TASK TO CARRY OUT :: The line containing "Vintage 1950’s, all" and every line after it, through the end of the material: copy these exactly and nothing else, leaving pictures out.

GIVEN DATA ::
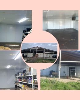 На участке расположен склад 210 кв.м.Выполнен из термопанелей.Внутри длинный стеллаж.Высота потолков 2м.Пол так же из панелей термостойких сверху закрыт ламинированной финской фанерой.Ровный можно закатывать на поддонах товар.
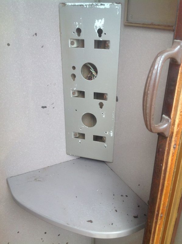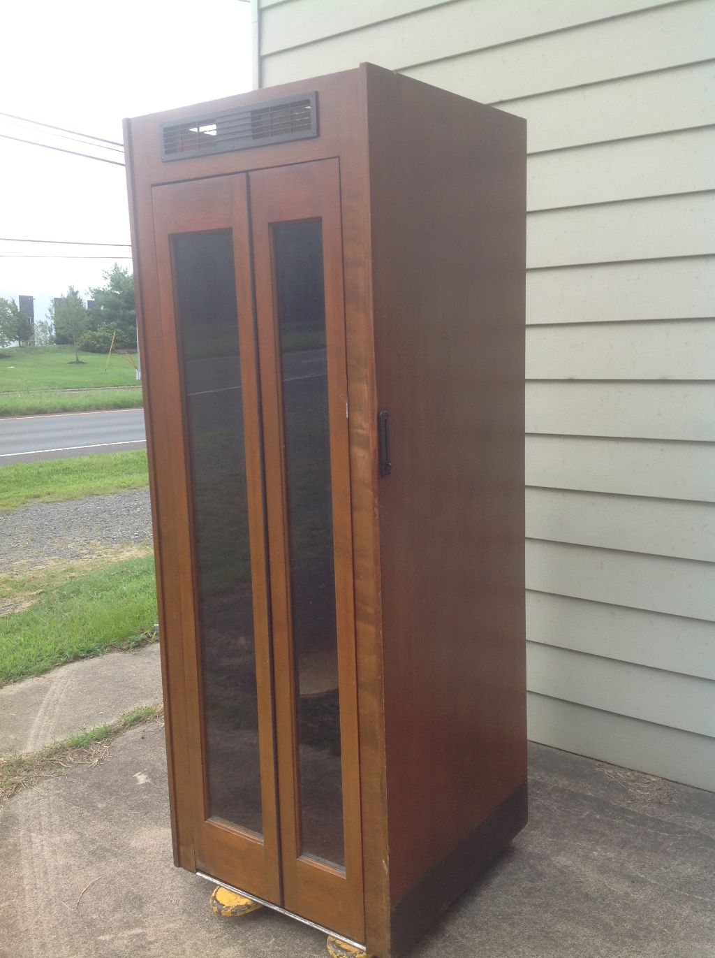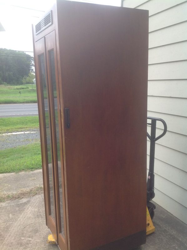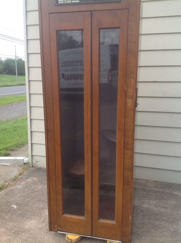 Vintage 1950’s, all wood telephone booth in as found condition. Working fan and light. All it needs is a phone and a place in your game room or man cave………..
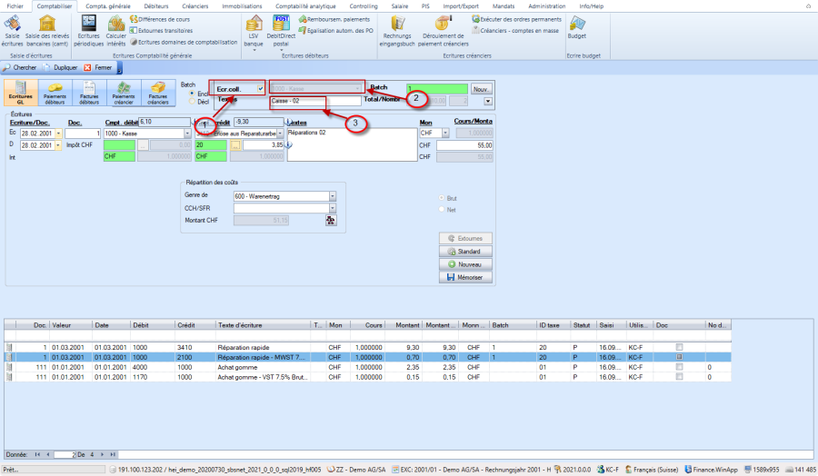 Si le champ "Ecr. Coll." (1) est activé en plus, on peut sélectionner un compte commun (2) et un texte commun (3), qui est appliqué à chaque entrée du Batch correspondant, par exemple caisse:
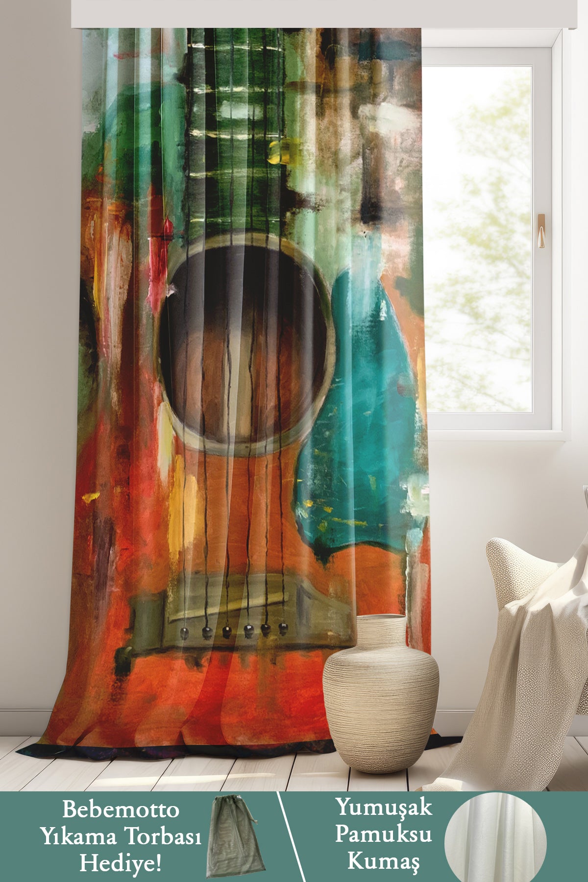 Müzisyen, İthal Kumaş, Dekoratif Perde - Tek Kanat
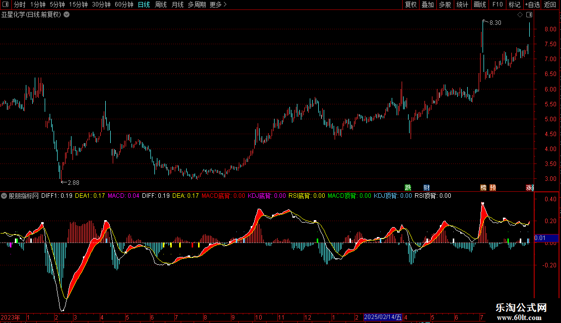 输出平滑异同平均线 :2*(DIFF1-DEA1),COLORSTICK

RESPONSE AREA ::
 Vintage 1950’s, all wood telephone booth in as found condition. Working fan and light. All it needs is a phone and a place in your game room or man cave………..
 Si le champ "Ecr. Coll." (1) est activé en plus, on peut sélectionner un compte commun (2) et un texte commun (3), qui est appliqué à chaque entrée du Batch correspondant, par exemple caisse:
 Müzisyen, İthal Kumaş, Dekoratif Perde - Tek Kanat
 输出平滑异同平均线 :2*(DIFF1-DEA1),COLORSTICK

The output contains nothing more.